Neo4j (Cypher) - Is it possible to use non-implicit aggregation? - neo4j

My question is fairly straightforward. I've been trying to write a Cypher query which uses an aggregation function - min().
I am trying to obtain the closest node to a particular node using the new Spatial functions offered in Neo4j 3.4. My query currently looks like this:
MATCH (a { agency: "Bus", stop_id: "1234" }), (b { agency: "Train" })
WITH distance(a.location, b.location) AS dist, a.stop_id as orig_stop_id, b.stop_id AS dest_stop_id
RETURN orig_stop_id,min(dist)
The location property is a point property and this query does actually do what I want it to do, except for one thing: I'd like to also include the dest_stop_id field in the result so that I can actually know which other node corresponds to this minimal distance, however Neo4j seems to aggregate implicitly all fields in the RETURN clause that are not inside an aggregate function and the result is I just get a list of all pairs (orig_stop_id, dest_stop_id) and their distance versus getting just the minimum and the corresponding dest_stop_id.

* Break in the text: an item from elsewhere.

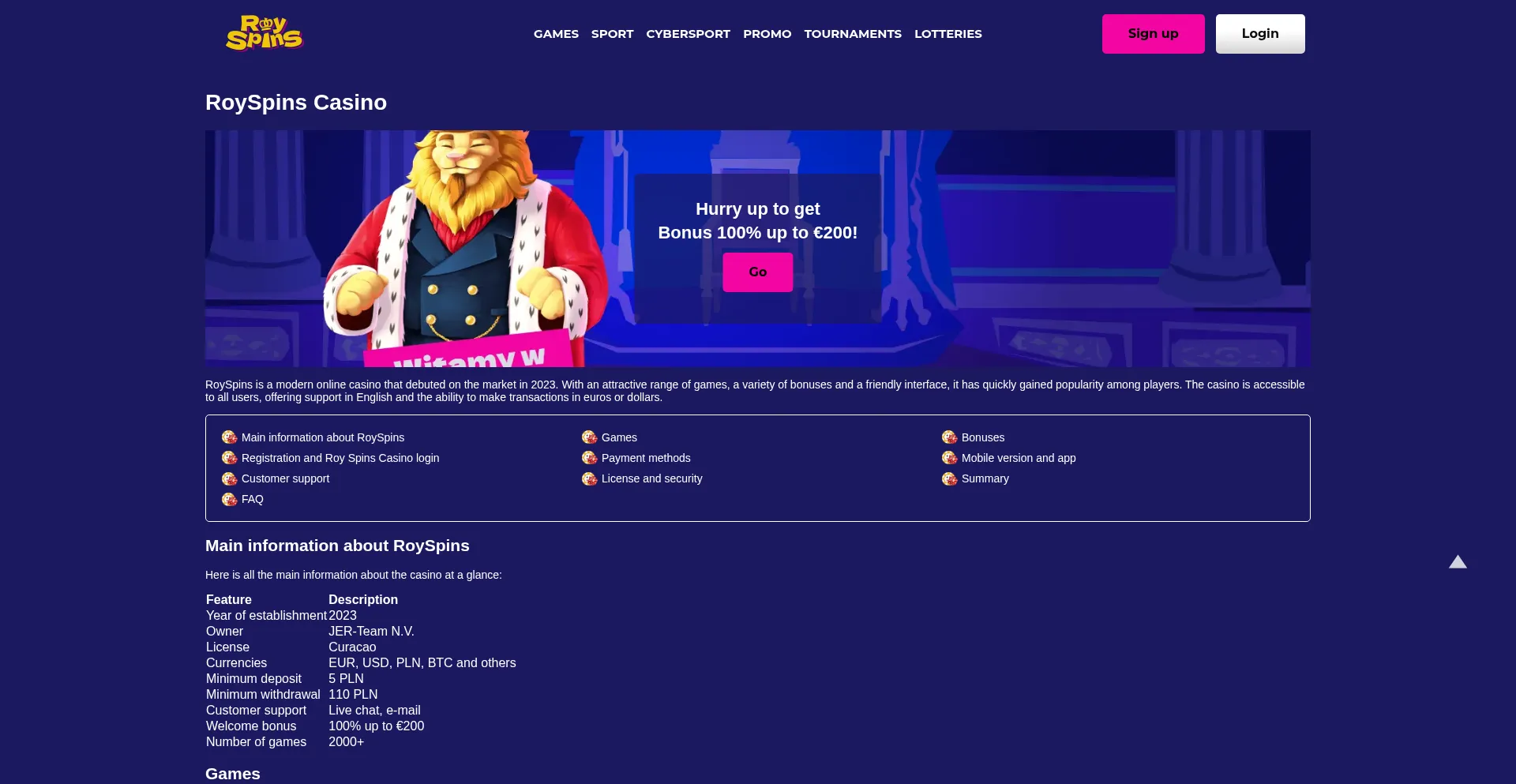 RoySpins Casino | Get 100% Bonus Up to €200 – Login

Is there any way to specify which fields should be grouped in the result set?
In SQL, GROUP BY allows you to specify this but I haven't been able to find a similar function in Cypher.
Thanks in advance, please let me know if you need any extra information.

This should work:
MATCH (a { agency: "Bus", stop_id: "1234" }), (b { agency: "Train" })
RETURN
a.stop_id AS orig_stop_id,
REDUCE(
s = NULL,
d IN COLLECT({dist: distance(a.location, b.location), sid: b.stop_id}) |
CASE WHEN s.dist < d.dist THEN s ELSE {dist: d.dist, dest_stop_id: d.sid} END
) AS min_data
This query uses REDUCE to get the minimum distance and also the corresponding dest_stop_id at the same time.
The tricky part is that the first time the CASE clause is executed, s will be NULL. Afterwards, s will be a map. The CASE clause handles the special NULL situation by specifically performing the s.dist < d.dist test, which will always evaluate to false if s is NULL -- causing the ELSE clause to be executed in that case, initializing s to be a map.
NOTE: Ideally, you should use the labels for your nodes in your query, so that the query does not have to scan every node in the DB to find each node. Also, you may want to add the appropriate indexes to further speed up the query.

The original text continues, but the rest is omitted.